§ Work instruction:
Output the first line below and each one after it, exactly, up to and including the line holding "ИНГРИДИЕНТЫ ДЛЯ ТЕСТА: Мука". Pictures should not be copied.

§ Records to process:
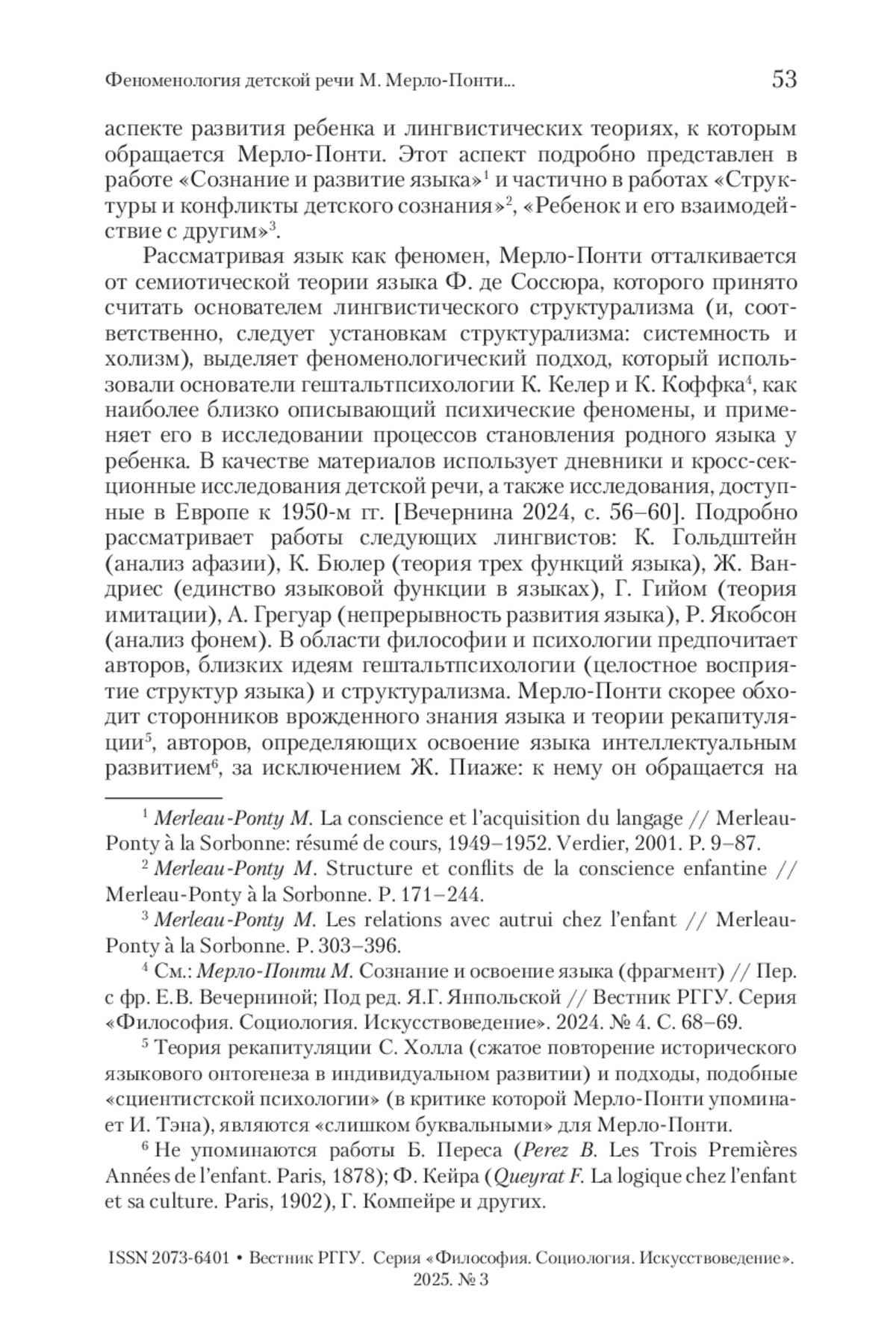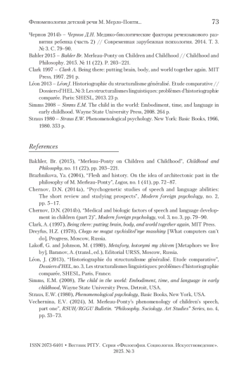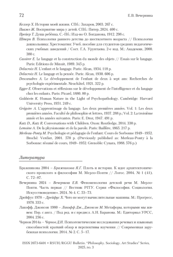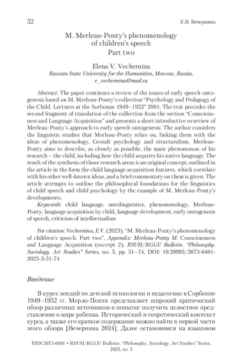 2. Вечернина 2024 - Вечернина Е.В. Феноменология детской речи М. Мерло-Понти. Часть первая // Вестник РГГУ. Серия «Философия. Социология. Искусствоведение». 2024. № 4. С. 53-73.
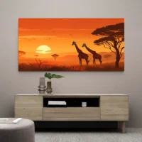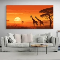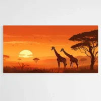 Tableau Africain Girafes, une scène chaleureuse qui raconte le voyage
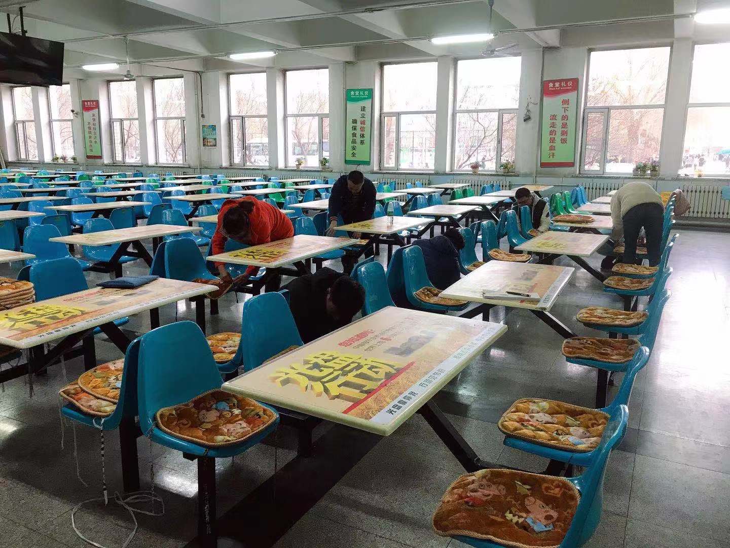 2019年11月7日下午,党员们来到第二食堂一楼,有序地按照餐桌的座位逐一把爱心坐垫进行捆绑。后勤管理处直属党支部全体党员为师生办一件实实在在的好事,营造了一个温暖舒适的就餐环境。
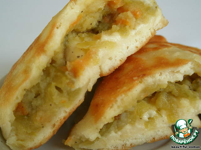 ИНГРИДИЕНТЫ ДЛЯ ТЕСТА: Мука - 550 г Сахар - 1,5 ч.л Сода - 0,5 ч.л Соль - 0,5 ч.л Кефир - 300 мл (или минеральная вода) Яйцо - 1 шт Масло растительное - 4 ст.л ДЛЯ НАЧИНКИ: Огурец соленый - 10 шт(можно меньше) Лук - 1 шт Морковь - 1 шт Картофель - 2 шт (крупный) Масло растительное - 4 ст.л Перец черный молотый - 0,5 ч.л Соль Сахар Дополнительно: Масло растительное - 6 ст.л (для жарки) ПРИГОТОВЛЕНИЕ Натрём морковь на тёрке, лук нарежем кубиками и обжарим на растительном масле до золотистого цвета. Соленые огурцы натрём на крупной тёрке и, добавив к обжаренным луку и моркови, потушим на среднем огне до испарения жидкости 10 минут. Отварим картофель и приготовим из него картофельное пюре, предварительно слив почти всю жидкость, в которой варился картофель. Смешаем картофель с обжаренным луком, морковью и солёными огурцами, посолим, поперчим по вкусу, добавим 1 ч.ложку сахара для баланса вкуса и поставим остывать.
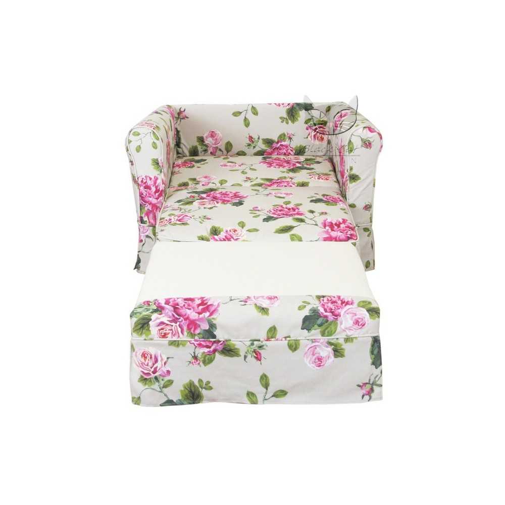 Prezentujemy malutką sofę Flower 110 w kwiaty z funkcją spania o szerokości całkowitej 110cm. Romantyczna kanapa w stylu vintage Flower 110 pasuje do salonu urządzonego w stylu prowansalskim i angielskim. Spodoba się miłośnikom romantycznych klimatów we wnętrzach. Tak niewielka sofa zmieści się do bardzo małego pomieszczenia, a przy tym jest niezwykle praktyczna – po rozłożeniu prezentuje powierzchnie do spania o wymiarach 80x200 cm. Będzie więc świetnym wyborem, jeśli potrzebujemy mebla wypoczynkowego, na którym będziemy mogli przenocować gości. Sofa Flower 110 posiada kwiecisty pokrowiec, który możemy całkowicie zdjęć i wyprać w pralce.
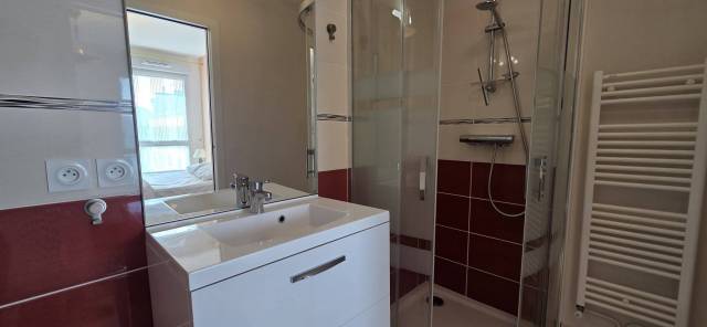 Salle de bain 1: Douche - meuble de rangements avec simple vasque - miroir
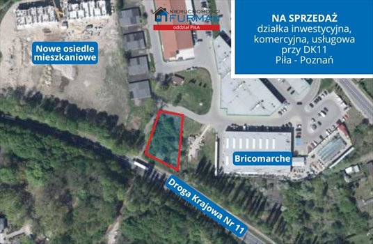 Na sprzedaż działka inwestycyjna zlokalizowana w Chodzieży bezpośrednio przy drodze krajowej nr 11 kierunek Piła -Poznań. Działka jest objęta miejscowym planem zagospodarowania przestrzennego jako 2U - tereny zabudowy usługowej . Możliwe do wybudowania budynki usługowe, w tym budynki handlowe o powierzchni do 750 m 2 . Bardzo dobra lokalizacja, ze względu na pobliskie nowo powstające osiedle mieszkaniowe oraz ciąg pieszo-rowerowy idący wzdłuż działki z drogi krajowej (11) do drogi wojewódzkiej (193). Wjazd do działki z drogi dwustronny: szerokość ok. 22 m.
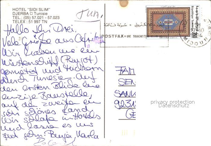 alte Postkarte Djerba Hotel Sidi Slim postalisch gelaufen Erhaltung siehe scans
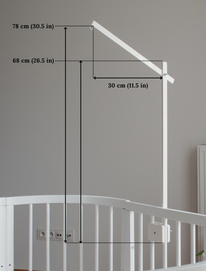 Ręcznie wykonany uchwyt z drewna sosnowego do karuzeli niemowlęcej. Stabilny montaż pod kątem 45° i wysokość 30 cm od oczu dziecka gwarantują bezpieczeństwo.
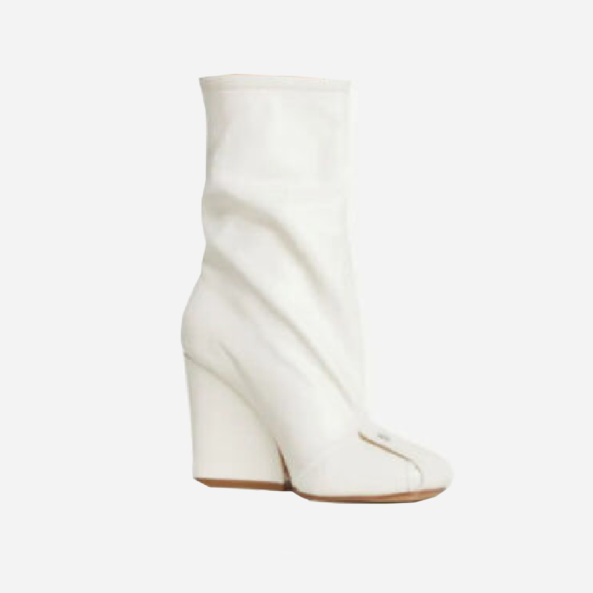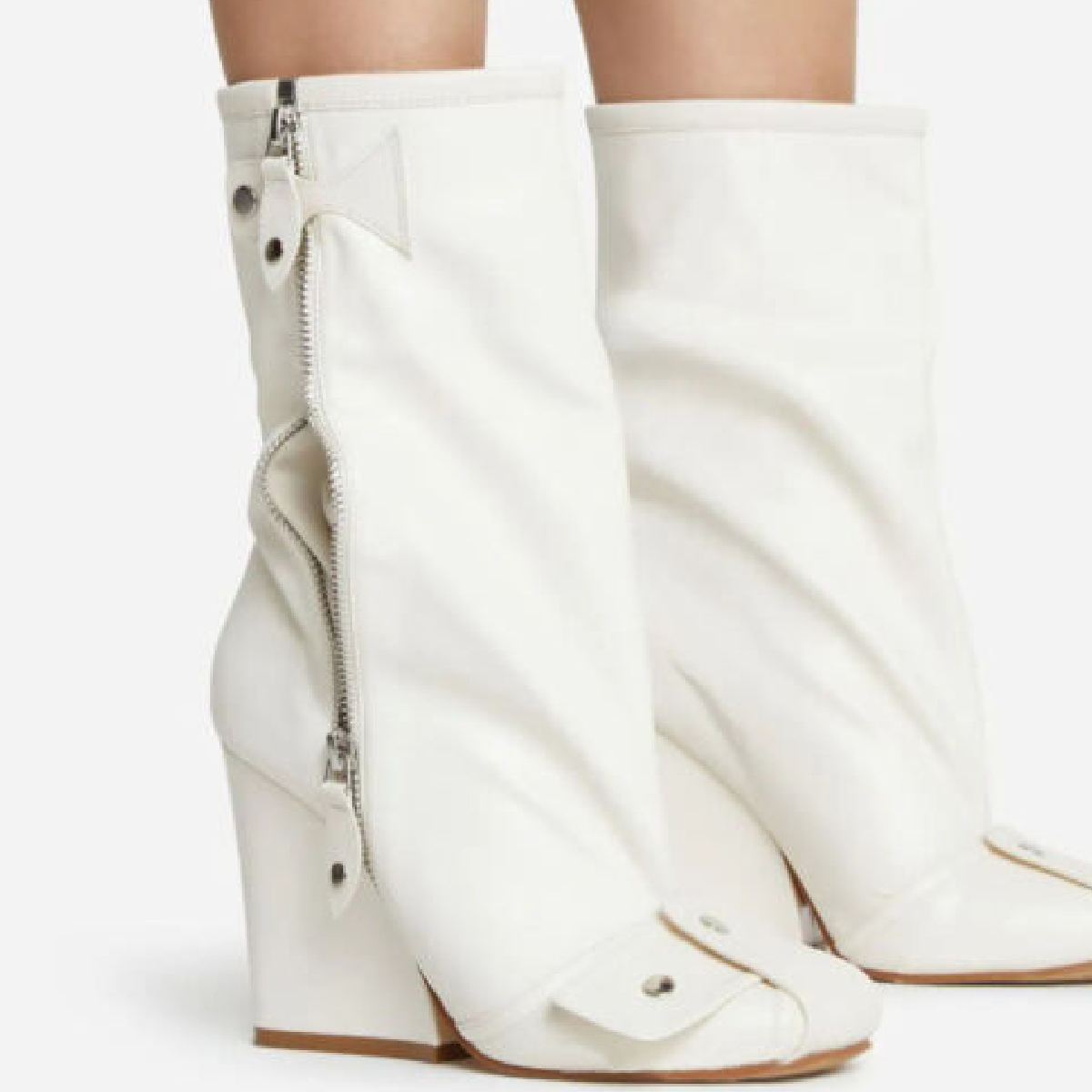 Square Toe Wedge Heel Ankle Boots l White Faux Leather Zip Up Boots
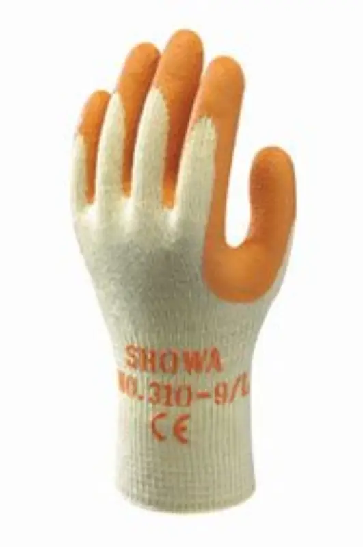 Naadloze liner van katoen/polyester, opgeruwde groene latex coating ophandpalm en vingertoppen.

§ Result of the task:
 2. Вечернина 2024 - Вечернина Е.В. Феноменология детской речи М. Мерло-Понти. Часть первая // Вестник РГГУ. Серия «Философия. Социология. Искусствоведение». 2024. № 4. С. 53-73.
 Tableau Africain Girafes, une scène chaleureuse qui raconte le voyage
 2019年11月7日下午,党员们来到第二食堂一楼,有序地按照餐桌的座位逐一把爱心坐垫进行捆绑。后勤管理处直属党支部全体党员为师生办一件实实在在的好事,营造了一个温暖舒适的就餐环境。
 ИНГРИДИЕНТЫ ДЛЯ ТЕСТА: Мука - 550 г Сахар - 1,5 ч.л Сода - 0,5 ч.л Соль - 0,5 ч.л Кефир - 300 мл (или минеральная вода) Яйцо - 1 шт Масло растительное - 4 ст.л ДЛЯ НАЧИНКИ: Огурец соленый - 10 шт(можно меньше) Лук - 1 шт Морковь - 1 шт Картофель - 2 шт (крупный) Масло растительное - 4 ст.л Перец черный молотый - 0,5 ч.л Соль Сахар Дополнительно: Масло растительное - 6 ст.л (для жарки) ПРИГОТОВЛЕНИЕ Натрём морковь на тёрке, лук нарежем кубиками и обжарим на растительном масле до золотистого цвета. Соленые огурцы натрём на крупной тёрке и, добавив к обжаренным луку и моркови, потушим на среднем огне до испарения жидкости 10 минут. Отварим картофель и приготовим из него картофельное пюре, предварительно слив почти всю жидкость, в которой варился картофель. Смешаем картофель с обжаренным луком, морковью и солёными огурцами, посолим, поперчим по вкусу, добавим 1 ч.ложку сахара для баланса вкуса и поставим остывать.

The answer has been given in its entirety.